On rainy days, when we were kept inside I’d sit at the desk in front of his and he’d do card tricks and then teach me how to do them. He helped me perfect one or two that I kept in my repertoire for years. When we went outside he’d let me “watch” his coat while the boys played touch football.Then one day, he let me wear it.
It was dark denim and smelt like boy. Which, at 13, was a dreamy kind of smell. He let me wear it at recess the next day, and even another after that. After a little while I started to think that maybe, just maybe something was happening between us. Maybe he actually liked me. God knows I liked him.
And then one lovely Monday morning, he was suddenly going out with Teneil.
What the Fuck?
I never clued in. I was almost out of high school (and moved to a different city) before I ever realized that this had been an intentional and strategic move on her part. I guess I was right, something had been happening between us, and I wasn’t the only one to notice. I was completely oblivious, to her message: “I can take anything you want away from you.”
Grade Eight was a horrible year for me.
In Grade Eight my mother decided to move – AGAIN – and I begged and pleaded and cried to be able to finish out Jr. High where I was, to not be forced to change schools until the natural transition at gr. nine. And when it was decided I could stay, in all the hoopla of moving away I ended up forgotten. My mom moved out, without me knowing, and the guardian who was supposed to take me in either forget or hadn’t been informed. I went home one day and discovered… no one was there, I had no where to go and no idea how to contact anyone.

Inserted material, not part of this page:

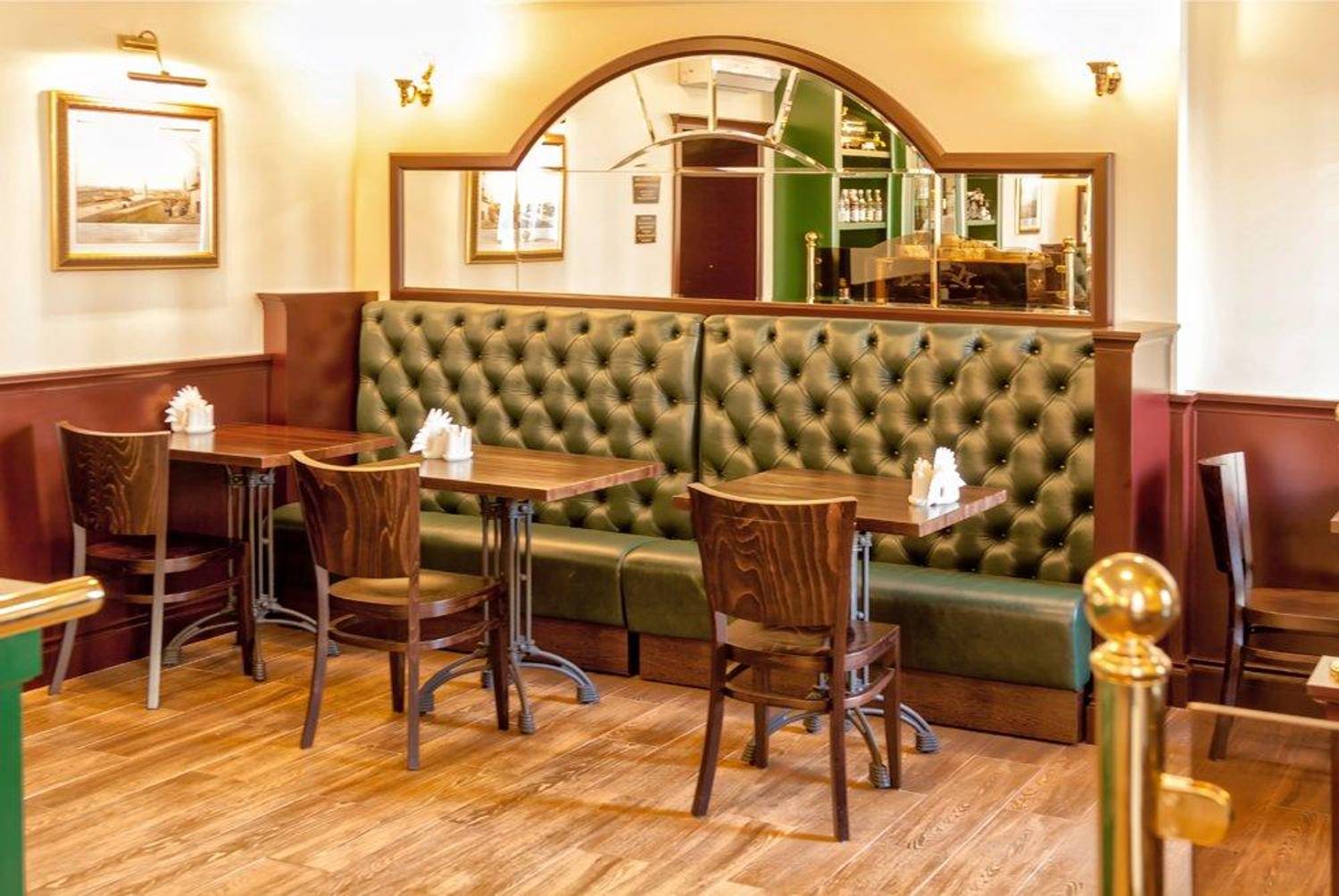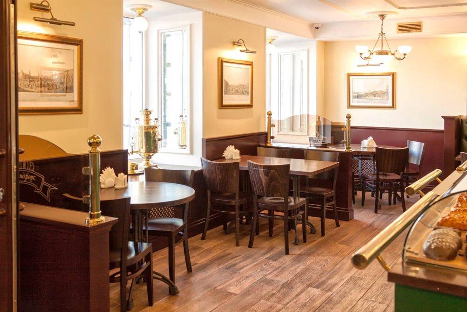 Атмосфера. Здесь воссоздали атмосферу XX века: венские стулья, ретро-буфеты, матовые стеклянные элементы и черно-белые фотографии на стенах создают камерную обстановку. В центре внимания — портрет генерала Линдфорса.

Then, just a few months later, that same guardian summarily evicted me from her home (it really is a long story with some blame on my shoulders, but really I was 13 and she was an adult, and let’s not get into that here); I went to school knowing I had nowhere to go that night. A teacher took me home after I broke down crying and shared the whole sordid story.
I’d been rejected and abandoned and homeless twice, in a matter of months, and through all of this Teneil picked, and poked, and stripped, and eroded me. Because in her mind who she was would never be strong, or good, or beautiful enough as long as I stood next to her. It was her Junior High mission to tear me down.
She isn’t the only girl/woman I’ve known who’s behaved this way.
Why do girls treat each other badly?
There’s Enough for All of Us.
There’s enough for all of us to beautiful. There’s enough for all of us to be bold. There’s enough for all of us to be loved. There’s enough for all of us to be fulfilled, to be happy, to be successful. There’s no scarcity of awesomeness in our world (no matter that some people act like there is).
Your amazingness does not diminish mine. (Just the opposite in fact. Your amazingness draws out, calls on, polish, and gives hope to my own.)
All these horrible things happened because of Teneil, but strangely enough, my most touching Jr. High memory also involved Teneil.
We were at a school dance. Boys lined up against one wall. Girls against the other. And I, the outcast, took a deep breath, walked across the gaping dance floor and asked my crush (a completely unworthy ass-hat) to dance. He looked me right in the face and laughed.
I rushed back to my own side of the room to huddle and cry. All the girls, of course gathered around to find out what was wrong. When I told them Teneil rose up in righteous indignation and marched back across that gym. She grabbed my crush by his ear (probably not, but I like to imagine it that way) and tore a strip off him – down one side and up the other. She gave him what for, guilted, and bullied and next thing I knew I was in the dance floor listening to Lady in Red, dancing with my crush.
He really was an ass-hat, but the moment, and the memory were delicious. And for one evening only, my tormentor became my champion.
Imagine what we women could do, in business and in life, if we saw every competitor as a possible compatriot and champion? Imagine what you could do if you absolutely knew that the world had enough for you!